= Michael Nobel =

Swedish entrepreneur of Russian origin (1940-2024)

Michael Nobel (/noʊˈbɛl/ noh-BEL, /sv/; 3 February 1940 – 27 November 2024) was a Swedish entrepreneur of Russian origin. He was a member of the Nobel family, a descendant of Ludvig Nobel, a chairman of the Nobel Family Society (1995–2006), a co-founder and chairman of the Nobel Sustainability Trust. Nobel served on several international boards that focus on scientific, medical and charitable initiatives. He promoted energy efficiency and alternative energy technology.

==Early life==
A member of the Nobel-Oleinikoff branch of the Nobel family, Michael Nobel was the grandson of Marta Helena Nobel-Oleinikoff (née Nobel) and the great-grandson of industrialist and humanitarian Ludvig Nobel, the founder of Branobel and one of the world's richest men in his time. Ludvig was also the brother of Alfred Nobel, who invented dynamite and established five prizes in the family name.

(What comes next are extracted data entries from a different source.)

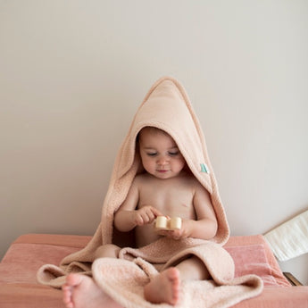Hooded towel by Trixie, made from 100% organic cotton with a soft terry texture and cozy filling. Designed for babies from birth, it’s perfect for wrapping your little one after bath time, keeping them warm and comfortable while extending those special bonding moments.
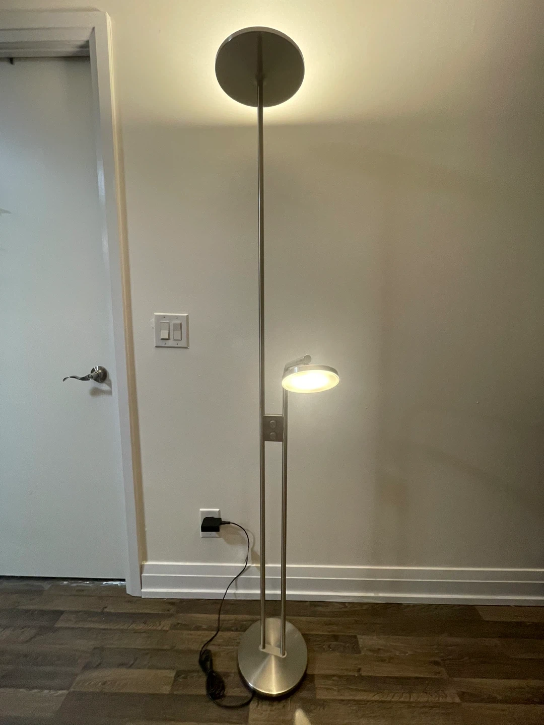 A sleek brushed nickel floor lamp with a second adjustable reading light. It offers two distinct light sources for versatile illumination. This lamp provides both ambient and task lighting, perfect for a stylish living room or bedroom.
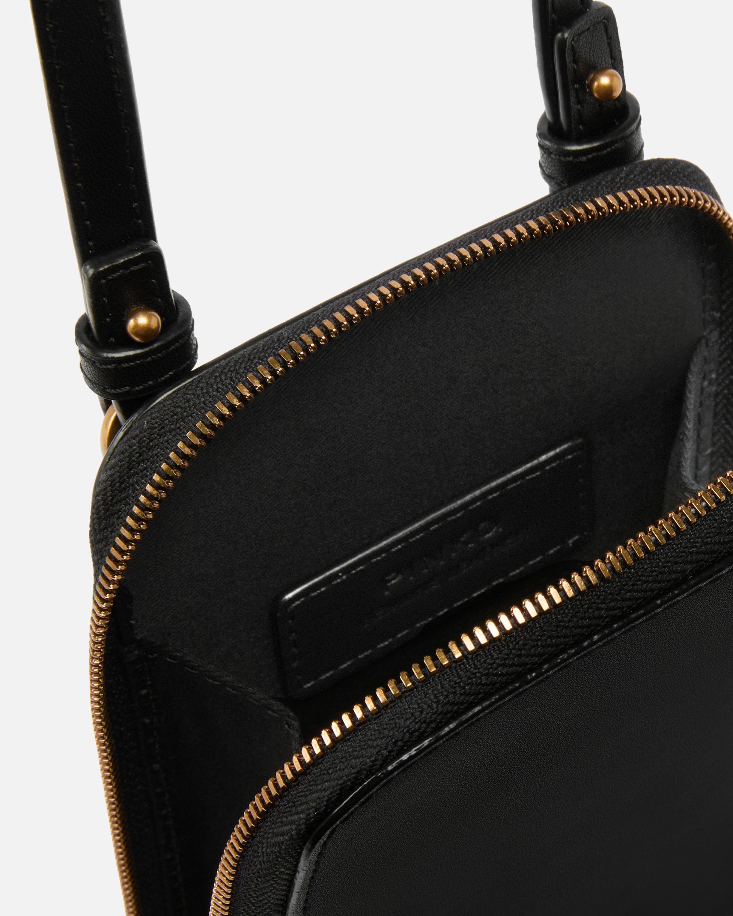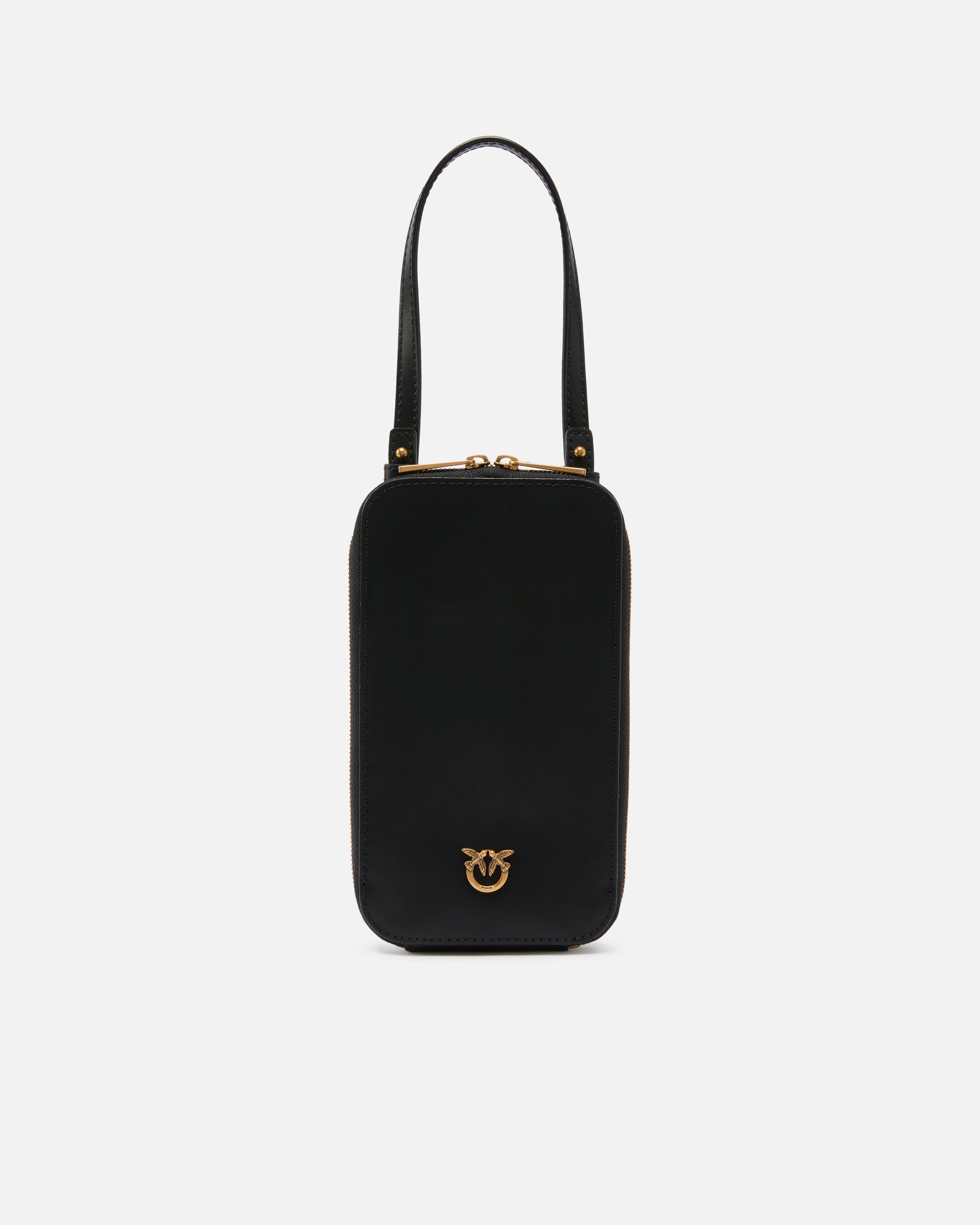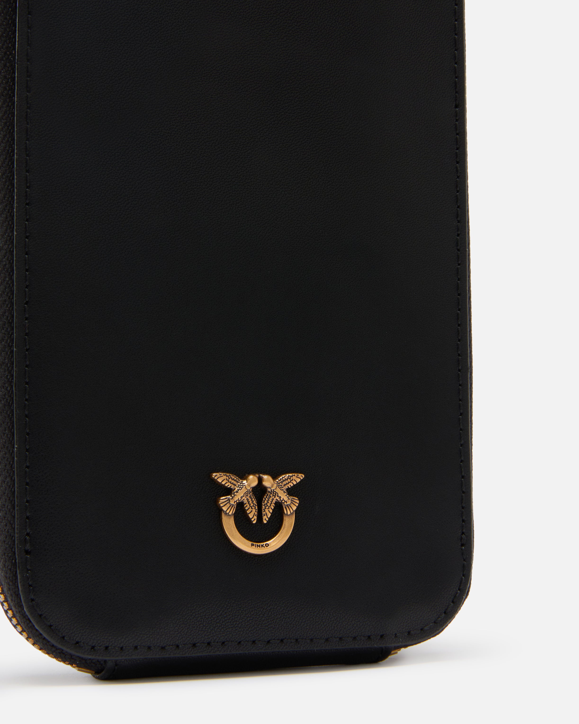 Smartphone case in soft, silky leather with a fixed top handle and two straps which are removable thanks to the carabiner, all three of which are in leather, so you can wear it as you wish and carry it with you at all times. The model is also enriched by a small plaque depicting the iconic Love Birds Diamond Cut logo on the front and features a zip-around fastening that reveals an interior lined in cotton drill fabric with branded plate. Activate your PINKO accessory: verify the authenticity of your product and access a personalised experience by scanning the Love Birds embroidery on the back with your smartphone! - PHONE CASE
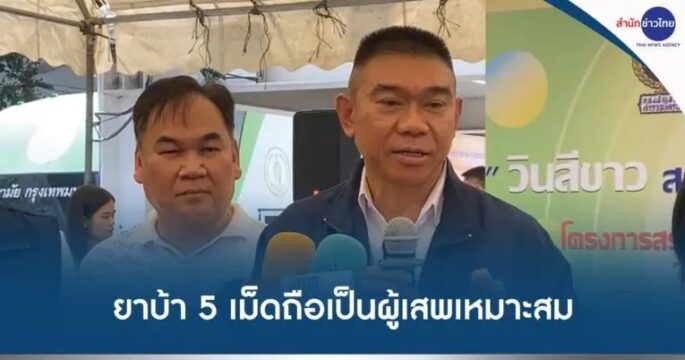 The plan to change the regulation to consider a person in possession of five methamphetamine or less as a drug user is appropriate, said acting secretary-general of the Office of the Narcotics Control Board Pol Lt Gen Panurat Lakboon.
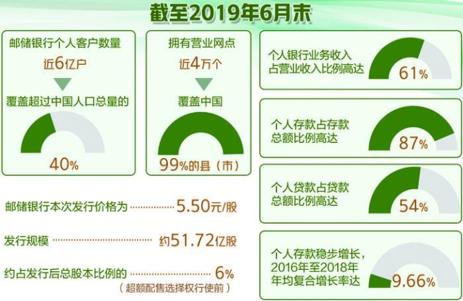 招股说明书显示,邮储银行本次发行价格为5.50元/股,发行规模约51.72亿股,约占发行后总股本比例的6%(超额配售选择权行使前),全部为公开发行新股,不设老股转让。
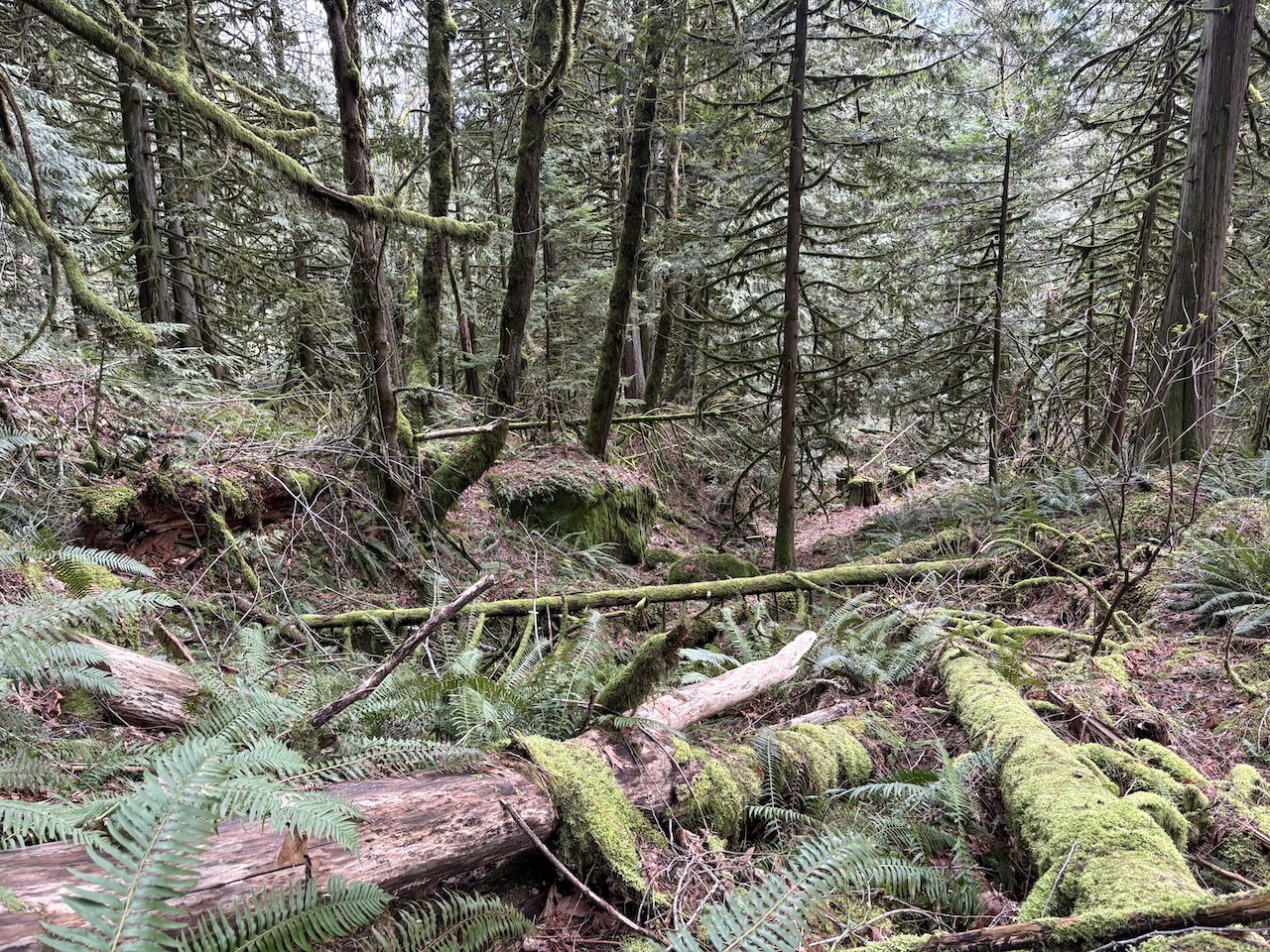 The lush green forest with massive trees on the Serpent's Back Trail was different from the snowy mountains from earlier in the road trip.
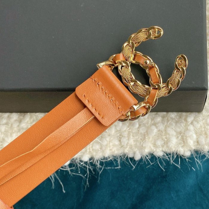 CC WOMEN'S BELT 3.0CM BUCKLE MULTICOLOR LEATHER BROWN
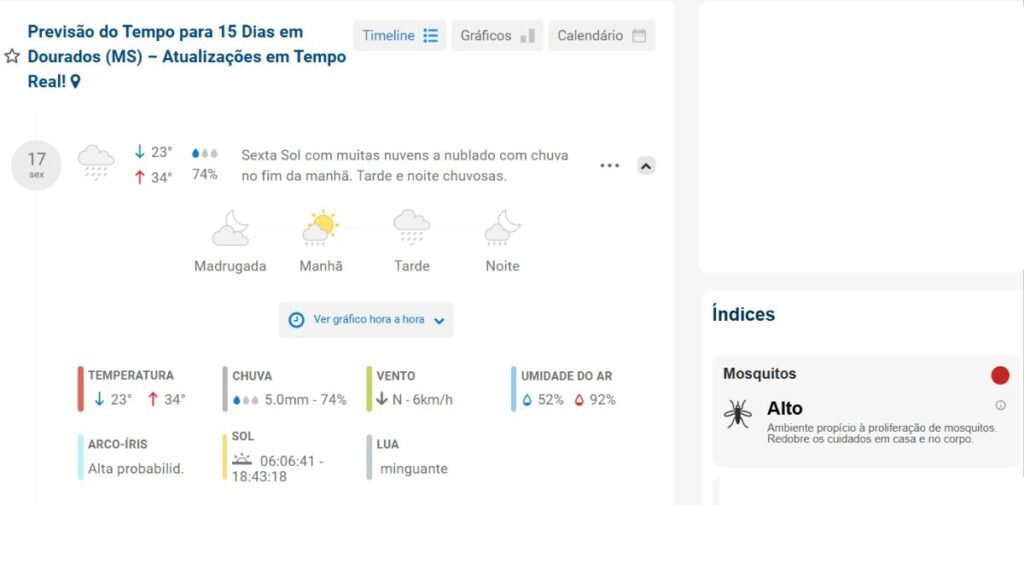 Previsão do tempo para esta sexta-feira 17/10 a terça-feira 21/10 em Dourados e região
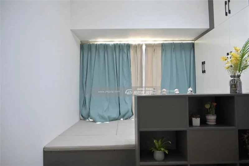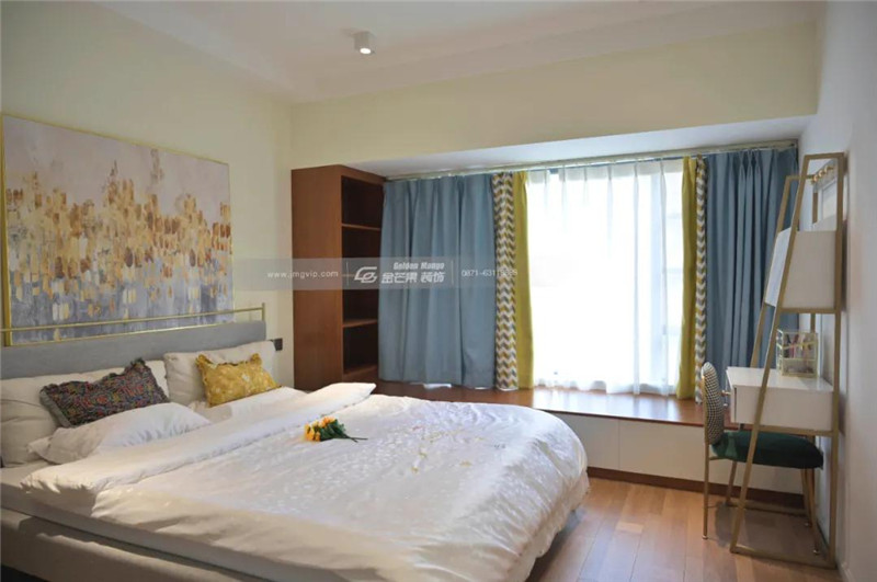 床頭設計吊柜,增加收納空間。旁邊的柜體,既可以收納東西,又可以作為桌子來使用,同時可以起到隔斷的作用,這樣的設計讓房間不管是在實用性還是溫馨感上都增加了不少。
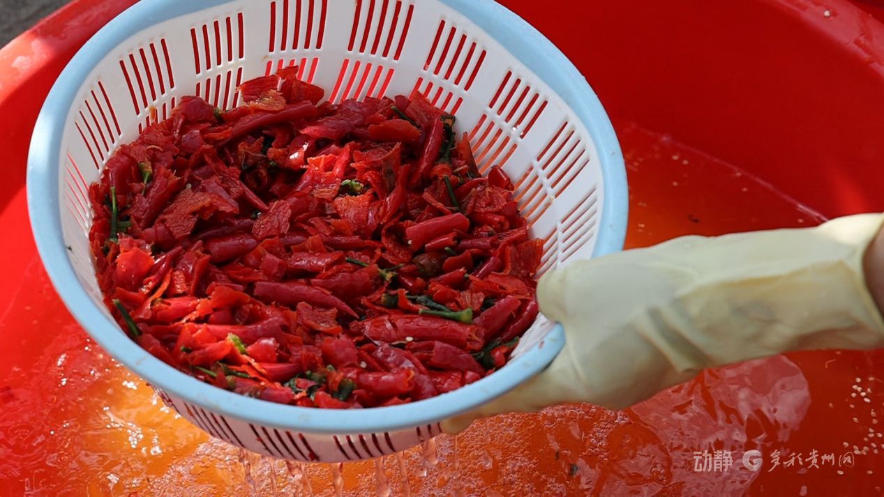 贵州省农科院辣椒研究所“黔辣”育种团队成员刘崇政正在分离采收的辣椒种
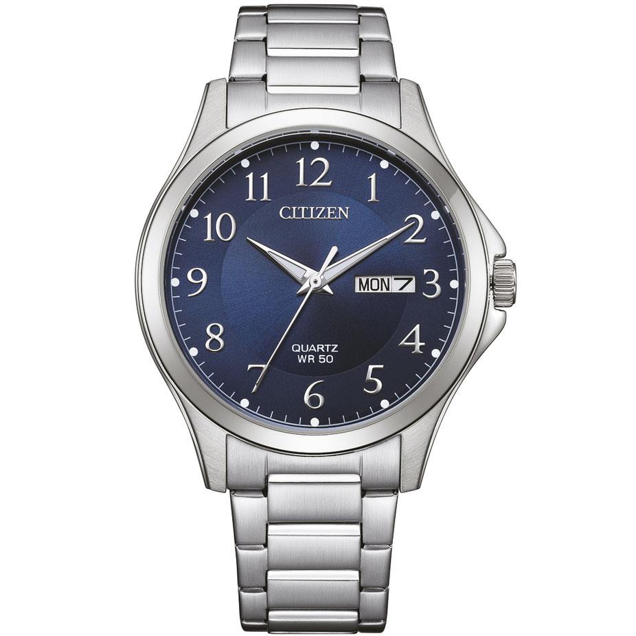ساعت مچی مردانه سیتیزن citizen با طراحی روزانه بند استیل و قاب استیل و صفحه گرد سرمه ای با قابلیت داشتن تقویم /روزهای هفته/ شبنما و موتور ژاپنی با انرژی باتری و مقاومت در برابر آب تا عمق 50 متر به همراه گارانتی بین المللی
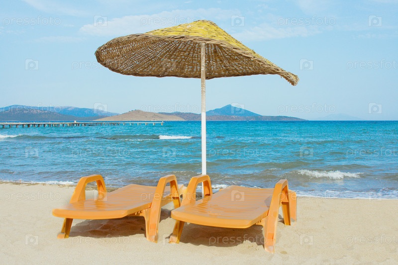 Зонтик и шезлонги на пляже
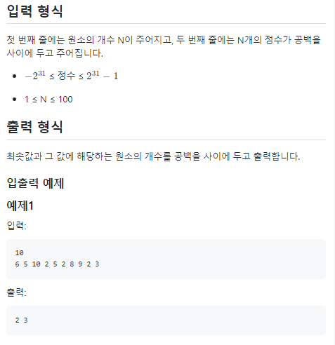 N개의 정수가 입력으로 주어졌을 때, 그 중 최솟값과 최솟값을 갖는 원소의 개수를 출력하는 코드를 작성해보세요.
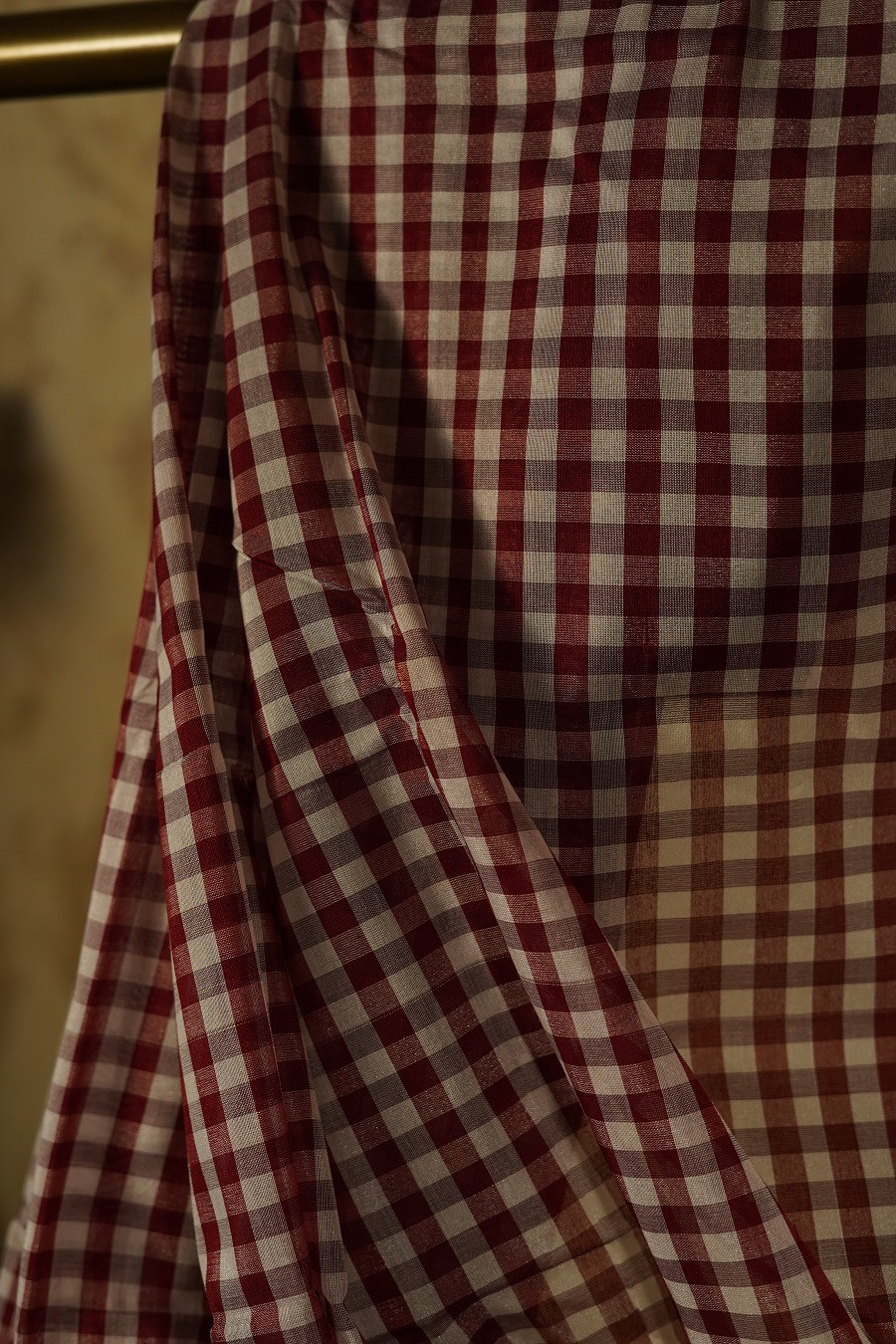 Crafted in a breathable cotton silk blend, the saree features a finely structured maroon and ivory checkered body - disciplined, elegant, and rich in traditional character. The deep maroon border and pallu are elevated with intricate zari detailing and signature temple-inspired motifs, lending ceremonial brilliance to the rhythmic pattern.
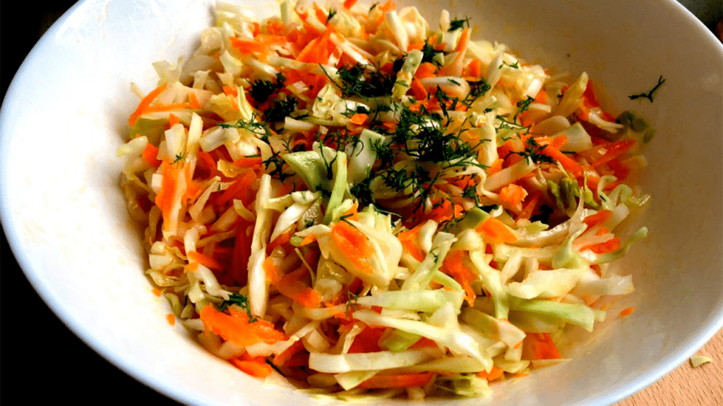 - А теперь все идём на кухню! На обед у нас будут котлетки из куриного фарша и весенний салат! Олеся его замечательно готовит из капусты, редиски, огурцов и помидоров, а также режет туда молоденький укроп, лук и чубчик чеснока!

Michael Nobel had a lengthy educational background which began at Harvard Business School in Cambridge, Massachusetts. In 1967, Nobel completed his studies at the Graduate Institute of Communications in Stockholm. Years later, in 1979, Nobel obtained a doctorate in psycho-pedagogy at the University of Lausanne. His thesis evaluated the effectiveness of substance abuse prevention programs in Switzerland

==Career==
Nobel was a consultant on energy issues and gave regular keynote lectures on the subject . Also he was Chairman of the Nobel Sustainability Trust Foundation.

===Board memberships===
Nobel was the chairman or board member of twelve international companies in diagnostics, treatment and information in the field of medicine, most notably as chairman on the Board of Directors, Governors or Scientific Advisors. Nobel also served on several not-for-profit organizations in youth education and development as well as founder and trustee of the Nobel Sustainability Trust Foundation- an organization that bestows scholarships, awards for sustainable energy discoveries and organizes conferences and symposiums in the same field.

==Work history==

===MRI===
In 1980, Nobel participated in the introduction of MRI, a field he worked in for 24 years. Magnetic resonance imaging (MRI) is a technique used in diagnostic imaging to create a detailed visual of internal structures. It provides contrast between the different soft tissues of the body making it especially useful in brain, muscles, heart, and cancer research.

===Social medicine===
Nobel has been a consultant to UNESCO in Paris and the United Nations' Social Affairs Division in Geneva. He also worked for seven years as a researcher in social sciences at the Institute for Mass Communication at the University of Lausanne and at the Department of Social Psychiatry at the Institute of Social and Preventive Medicine in the field of primary drug abuse prevention.

==Honors and awards==
Nobel was awarded the Gusi Peace Prize in 2010, an honor dedicated to "Excellence and distinction to individuals or groups worldwide who have distinguished themselves as brilliant exemplars of society or who contributed toward the attainment of peace and respect for human life and dignity."